Material provided:
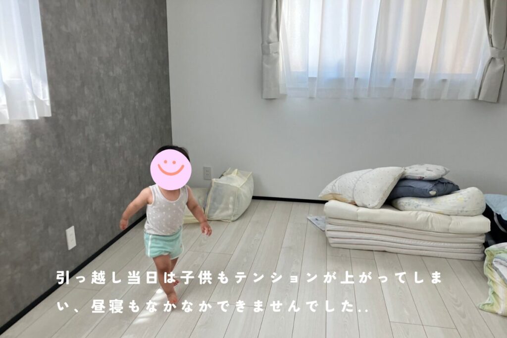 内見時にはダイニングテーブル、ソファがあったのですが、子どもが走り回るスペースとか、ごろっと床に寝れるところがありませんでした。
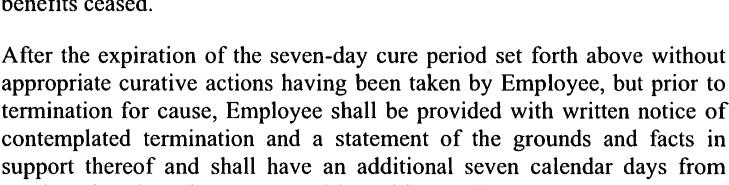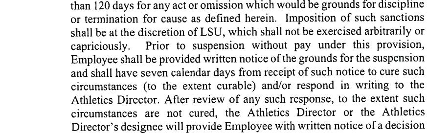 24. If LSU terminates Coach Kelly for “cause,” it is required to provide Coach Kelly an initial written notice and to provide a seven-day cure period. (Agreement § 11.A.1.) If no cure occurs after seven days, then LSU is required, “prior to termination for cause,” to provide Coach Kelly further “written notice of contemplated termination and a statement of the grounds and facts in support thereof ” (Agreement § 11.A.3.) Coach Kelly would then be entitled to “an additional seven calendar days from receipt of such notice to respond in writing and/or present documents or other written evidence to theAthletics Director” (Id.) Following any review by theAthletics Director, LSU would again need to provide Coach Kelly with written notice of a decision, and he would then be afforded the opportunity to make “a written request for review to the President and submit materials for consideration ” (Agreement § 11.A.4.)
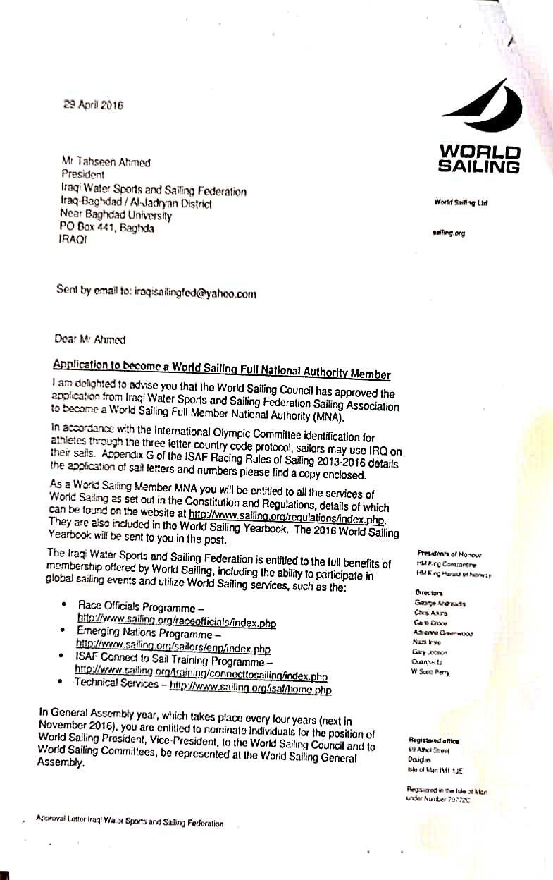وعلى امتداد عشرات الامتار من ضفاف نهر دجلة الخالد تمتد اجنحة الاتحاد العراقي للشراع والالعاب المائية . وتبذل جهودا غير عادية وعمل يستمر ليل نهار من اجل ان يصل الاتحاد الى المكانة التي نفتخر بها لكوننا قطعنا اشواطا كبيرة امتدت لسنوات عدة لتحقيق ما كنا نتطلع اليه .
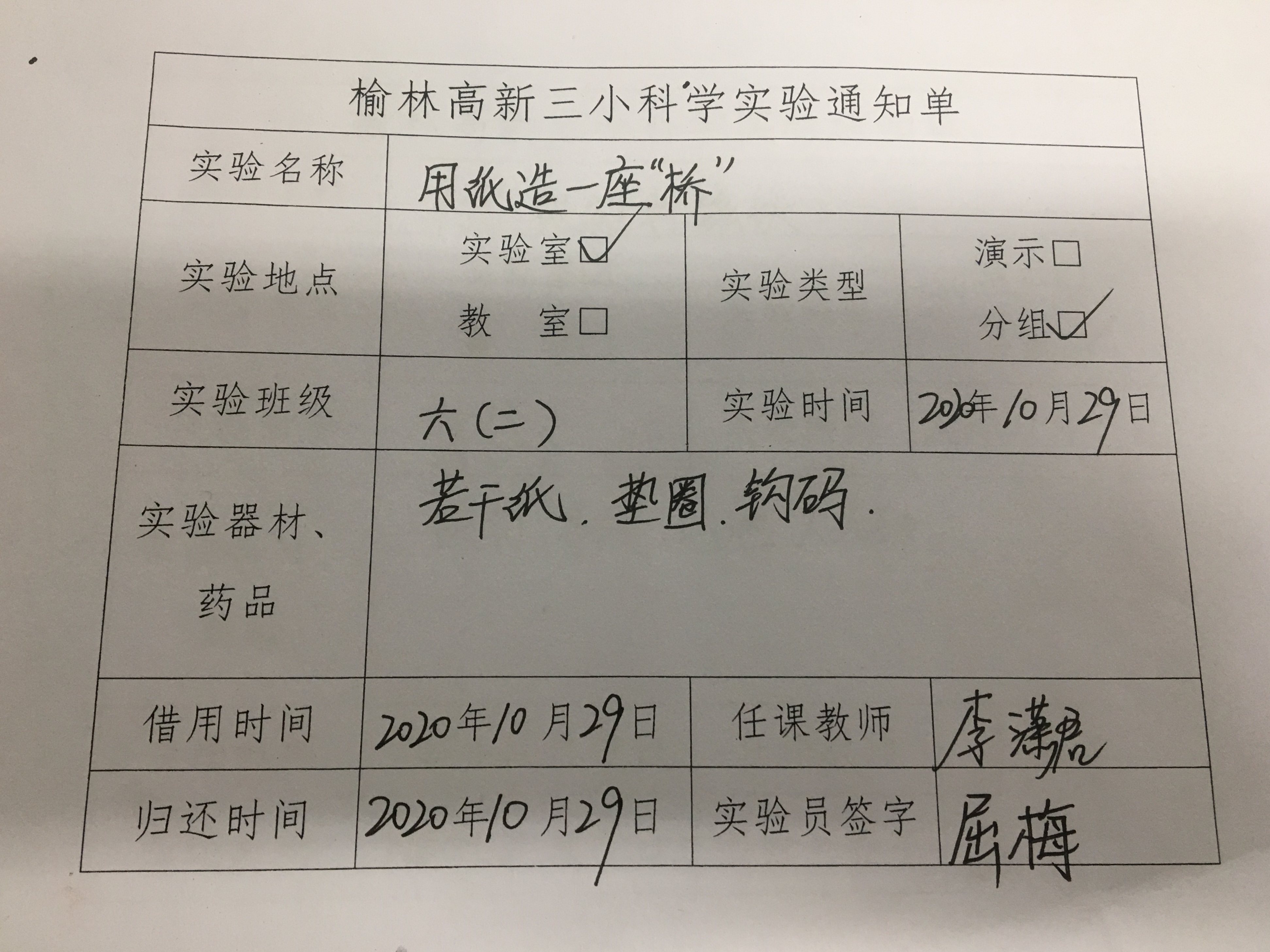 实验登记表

Problem description: In the answer, all of the material should appear exactly as given, with no picture carried over.

Written solution:
 内見時にはダイニングテーブル、ソファがあったのですが、子どもが走り回るスペースとか、ごろっと床に寝れるところがありませんでした。
 24. If LSU terminates Coach Kelly for “cause,” it is required to provide Coach Kelly an initial written notice and to provide a seven-day cure period. (Agreement § 11.A.1.) If no cure occurs after seven days, then LSU is required, “prior to termination for cause,” to provide Coach Kelly further “written notice of contemplated termination and a statement of the grounds and facts in support thereof ” (Agreement § 11.A.3.) Coach Kelly would then be entitled to “an additional seven calendar days from receipt of such notice to respond in writing and/or present documents or other written evidence to theAthletics Director” (Id.) Following any review by theAthletics Director, LSU would again need to provide Coach Kelly with written notice of a decision, and he would then be afforded the opportunity to make “a written request for review to the President and submit materials for consideration ” (Agreement § 11.A.4.)
وعلى امتداد عشرات الامتار من ضفاف نهر دجلة الخالد تمتد اجنحة الاتحاد العراقي للشراع والالعاب المائية . وتبذل جهودا غير عادية وعمل يستمر ليل نهار من اجل ان يصل الاتحاد الى المكانة التي نفتخر بها لكوننا قطعنا اشواطا كبيرة امتدت لسنوات عدة لتحقيق ما كنا نتطلع اليه .
 实验登记表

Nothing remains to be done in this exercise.